Debt financing refers to the borrowing of funds from sources outside a business in order to raise money for capital or other business expenditures. This money can be borrowed from banks, private investors or even family. These lenders become creditors, with a promise that the debt, as well as interest, will be paid back in full. Debt financing can be a good option for many reasons.
Many fledgling companies do not have the capital to fund their start-up costs. As a startup business, it can also be difficult to secure a business loan without an established credit history. By borrowing capital from sources outside the company, a business gains the chance to create positive cash flow. The terms of the loan are agreed upon by the parties involved, and must be re-paid at the time specified.

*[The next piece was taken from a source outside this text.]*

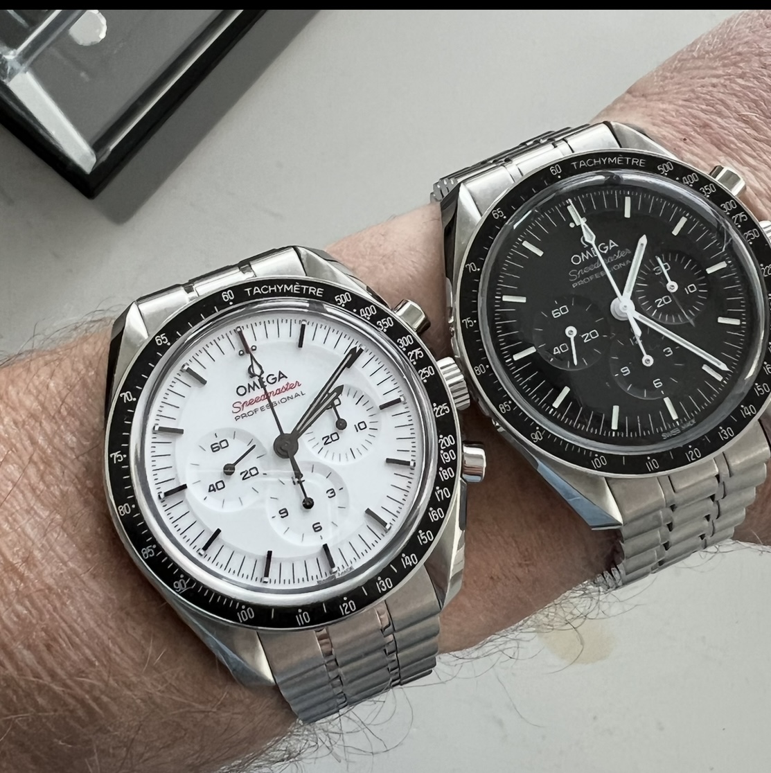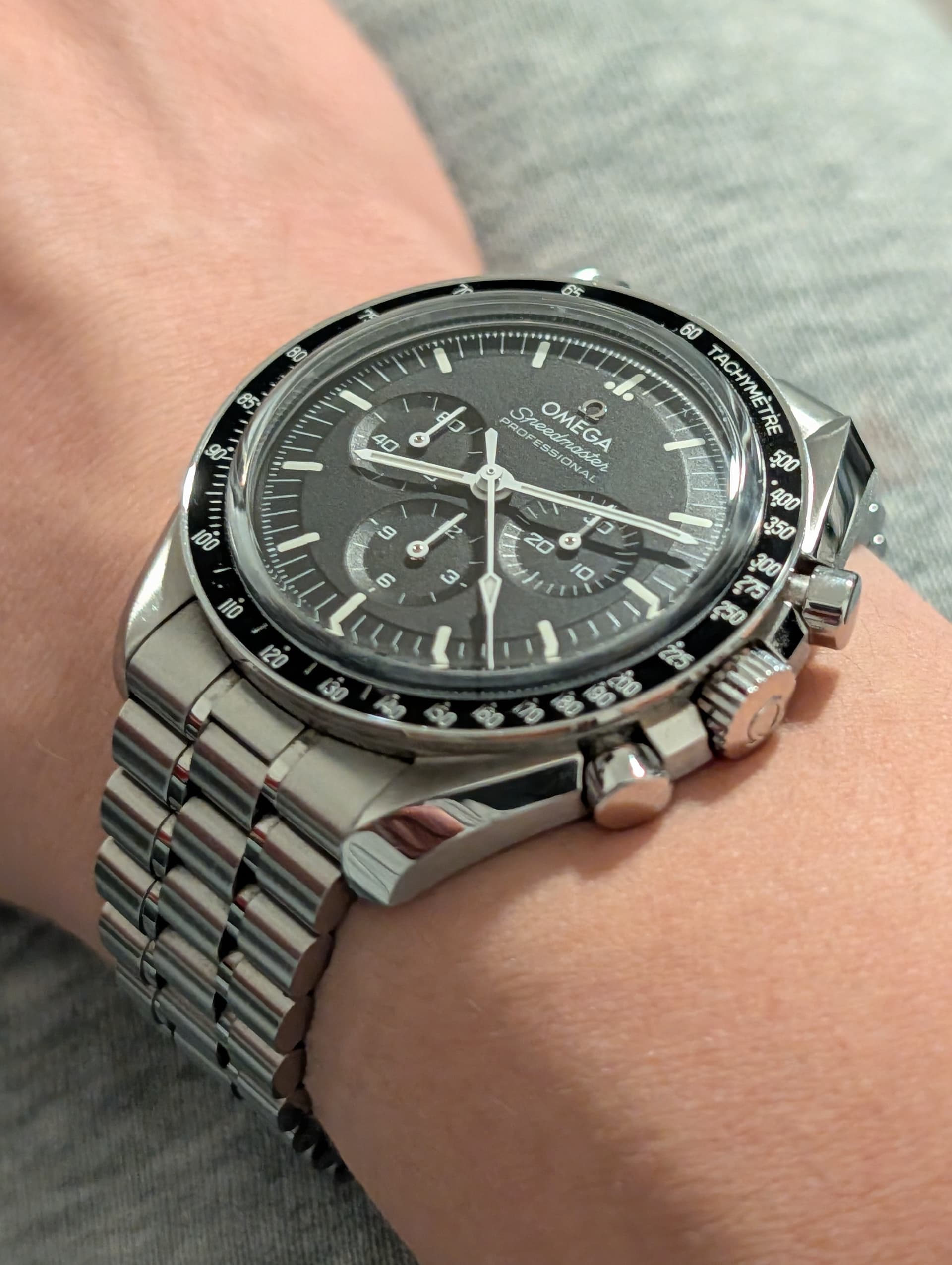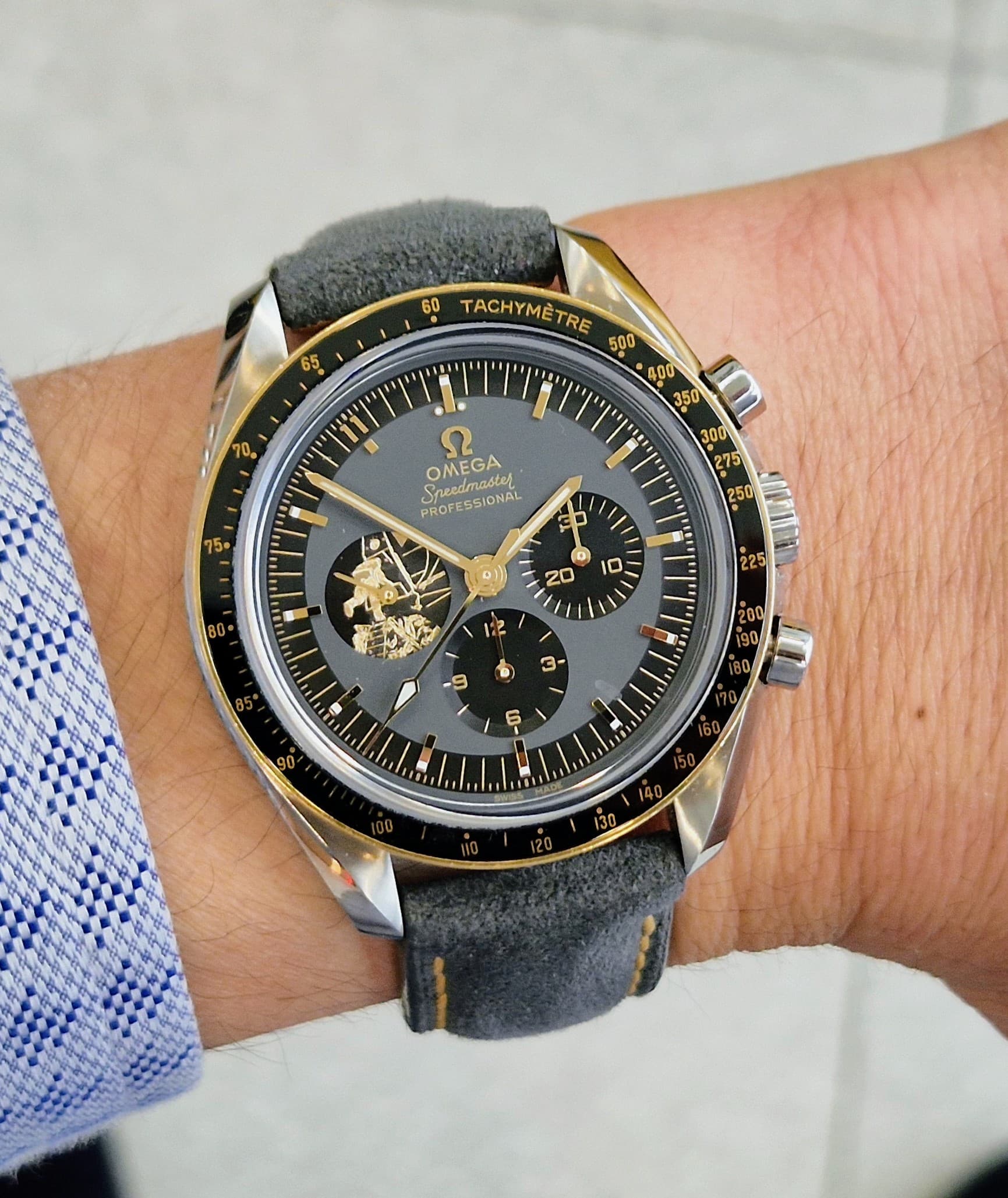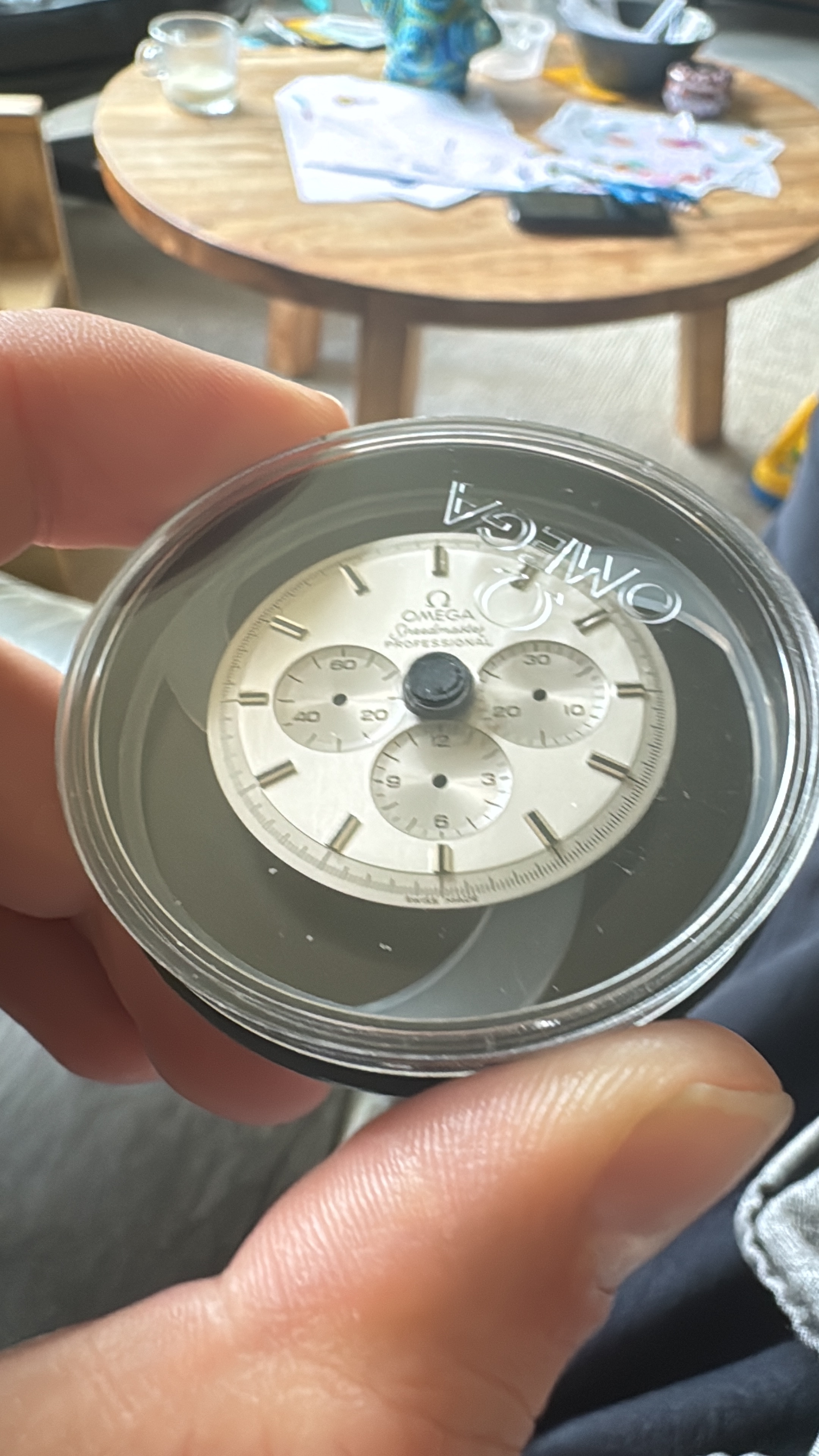 Wijzerplaat uit een 345.0802 Apollo XI Witgoud early 80’s (waar er 20 van zijn totaal) in een moderne stalen Speedy. Het origineel ![]()

Money borrowed through debt financing is considered a business expense and qualifies as a deduction for the business’ income taxes. In most cases, both the principal and interest of the loan can be used as a tax deduction. This is very attractive to the business borrowing the funds.
Lower Interest Rates
With debt financing using outside sources, it is easier to negotiate a lower interest rate. The interest rate can be whatever amount that is agreed upon by both the borrower and lender. A lower interest rate, coupled with a business tax write-off, means benefits that are hard to beat. The lender is happy as well, as they will most likely earn more interest through debt financing than from many other investments.
As you can see, debt financing can benefit a business in several ways. Whether one owns an established business and needs funds for unexpected expenditures or equipment, or is a startup company in need of a positive cash flow, debt financing can provide a workable solution.